When I was a little kid, my mother took my brother and me to visit our grandparents in Fayette. I don’t know how old I was, but it was back when there were still Gulf stations in Alabama, so I know that it was a while ago. I also know that I was old enough to go to the bathroom by myself but not old enough that my mother would let me use the men’s room—you know, in case I needed her help—so, when we pulled up behind the Gulf station in a tiny west Alabama town along the way, that’s where my mother told me to go—in the women’s bathroom. I objected but to no avail. So I walked into the restroom and locked the big metal door behind me. I finished my business and then washed and dried my hands, but, when I unlocked the door and pulled on the handle, it did not budge. I pulled harder: nothing. I locked the door and unlocked it again just to be sure, and I pulled and pulled with all of my might. Nothing. I banged on the door with both fists and yelled as loud as I could. I shook the door with all my strength. Nothing. I placed my ear against the door to see if I could hear my mother on the other side, but I heard…nothing.

Looking back, even I am surprised at how quickly my mind went to a dark, desperate place.
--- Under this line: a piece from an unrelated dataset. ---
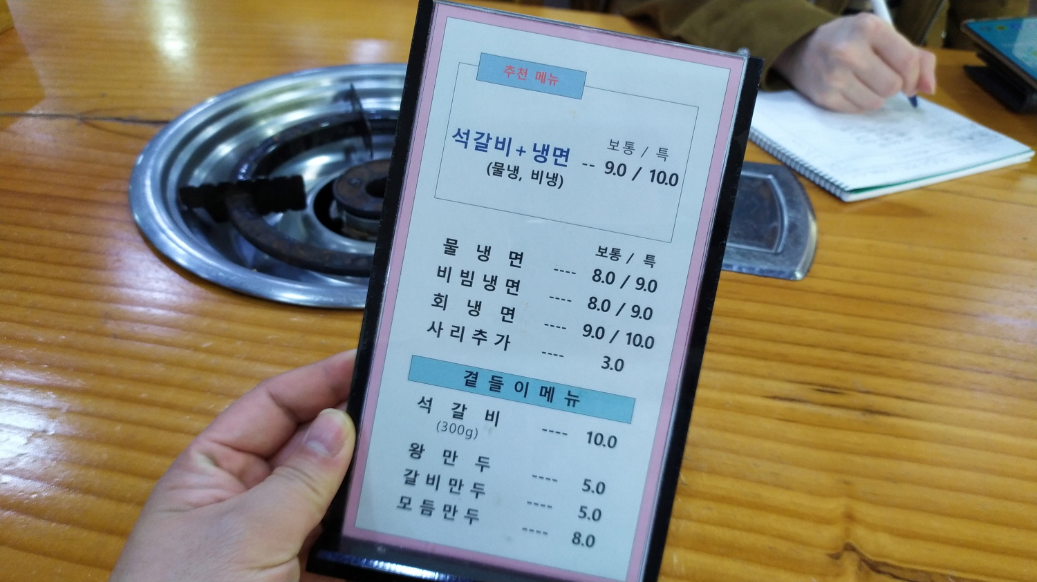 석갈비 + 냉면을 선택하고 2인이라 비냉 + 물냉으로 주문했다. 그리고 1,000원 비싼 "특"으로...

Not even old enough to use the men’s room, I looked at the sink and wondered how long I could live on water alone. “Could I eat those paper towels?” I asked myself. “Is that enough to live on?” As I pondered my mortality and the possibility that the paper towel dispenser hanging on the white tile wall might forestall it, it occurred to me that the gas station attendant on the other side of that wall might be able to help. So I pounded on the wall and screamed as loud as I could. I waited but, again, nothing. Minutes that felt like hours went by. Finally, resigned to whatever fate lay ahead, it occurred to me that some other woman would likely come to the Gulf station to use the bathroom, and I began to wonder what sort of family I might have to go and live with. Would they like me? Would they be nice to me? Or would they treat me the way that all the wicked stepmothers treated the children in the fairytales I had heard?

It did not matter that my mother loved me. It did not matter that she would never leave me. It did not matter that there is nothing in this world that could pull me away from her love. In my mind, I was lost and there was no hope. When she finally shoved opened the door, I collapsed onto the floor in a puddle of tears. She picked me up and held me. In between sobs, I screamed at her, “Where have you been? Why did you wait so long?” She tried to assure me that she never would have left me there by myself, but her words did not matter. In my moment of panic, nothing else mattered. When I was locked in that bathroom, the only thing that I could believe was that I was lost forever.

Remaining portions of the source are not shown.